Input data:
+++
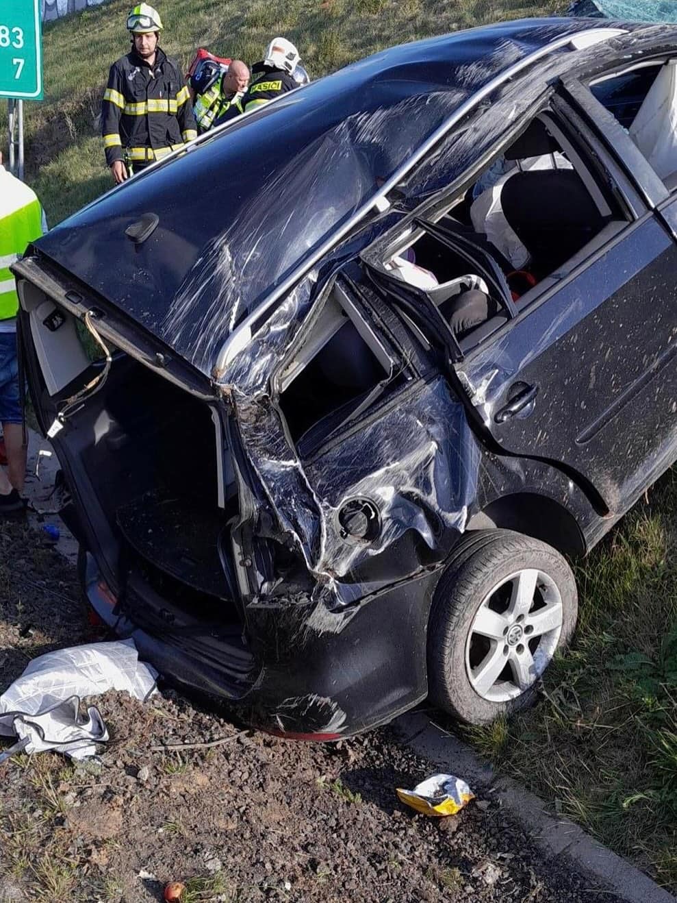 Převrácené auto na D6 u Nového Strašecí
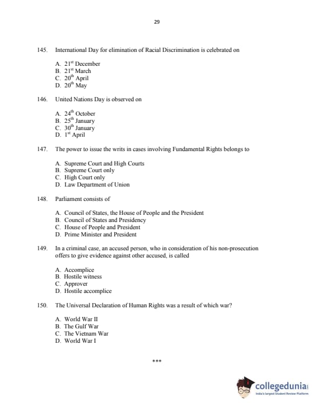 CUSAT CAT 2016 5 Year LLB Question paper with answer key pdf is available for download. The exam was successfully organized by Cochin University of Science & Technology. The question paper comprised a total of 150 questions.
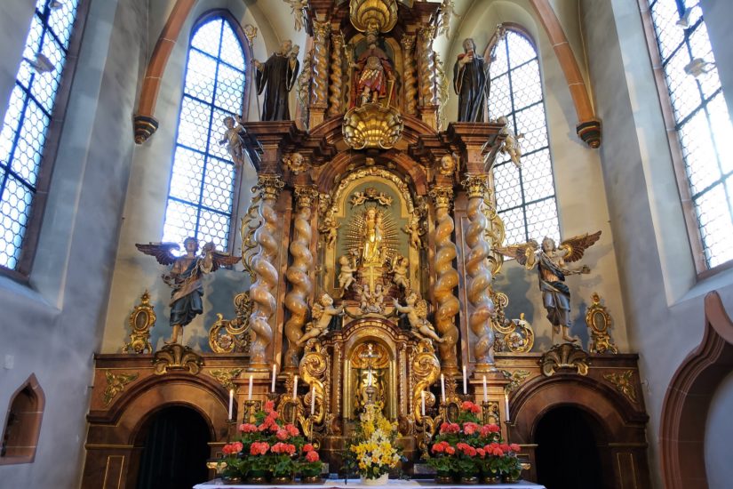 Foto: Bruder Berthold OehlerFestlich geschmückt ist am höchsten Festtag der Hochaltar im Vorraum der Wallfahrtskirche. Er wurde im Baustil der Gotik (1250 – 1530) errichtet. Im Mittelpunkt des Altaraufbaues befindet sich das Gnadenbild, das Maria sitzend mit Jesus auf dem Schoß zeigt. In ihrer rechten Hand trägt Maria das Zepter als Herrscherin, während Jesus als Königssohn den Erdball in seiner Hand hält und ihn segnet. Das aus Lindenholz geschnitzte Gnadenbild ist noch älter als die Kirche selbst. Es stammt aus der Zeit der Romanik (950 – 1200), denn in der nachfolgenden Zeit der Gotik wurde die Gottesmutter Maria immer stehend dargestellt.
+++
Activity:
Write out the whole listing verbatim, images excluded.

Answer space:
 Převrácené auto na D6 u Nového Strašecí
 CUSAT CAT 2016 5 Year LLB Question paper with answer key pdf is available for download. The exam was successfully organized by Cochin University of Science & Technology. The question paper comprised a total of 150 questions.
 Foto: Bruder Berthold OehlerFestlich geschmückt ist am höchsten Festtag der Hochaltar im Vorraum der Wallfahrtskirche. Er wurde im Baustil der Gotik (1250 – 1530) errichtet. Im Mittelpunkt des Altaraufbaues befindet sich das Gnadenbild, das Maria sitzend mit Jesus auf dem Schoß zeigt. In ihrer rechten Hand trägt Maria das Zepter als Herrscherin, während Jesus als Königssohn den Erdball in seiner Hand hält und ihn segnet. Das aus Lindenholz geschnitzte Gnadenbild ist noch älter als die Kirche selbst. Es stammt aus der Zeit der Romanik (950 – 1200), denn in der nachfolgenden Zeit der Gotik wurde die Gottesmutter Maria immer stehend dargestellt.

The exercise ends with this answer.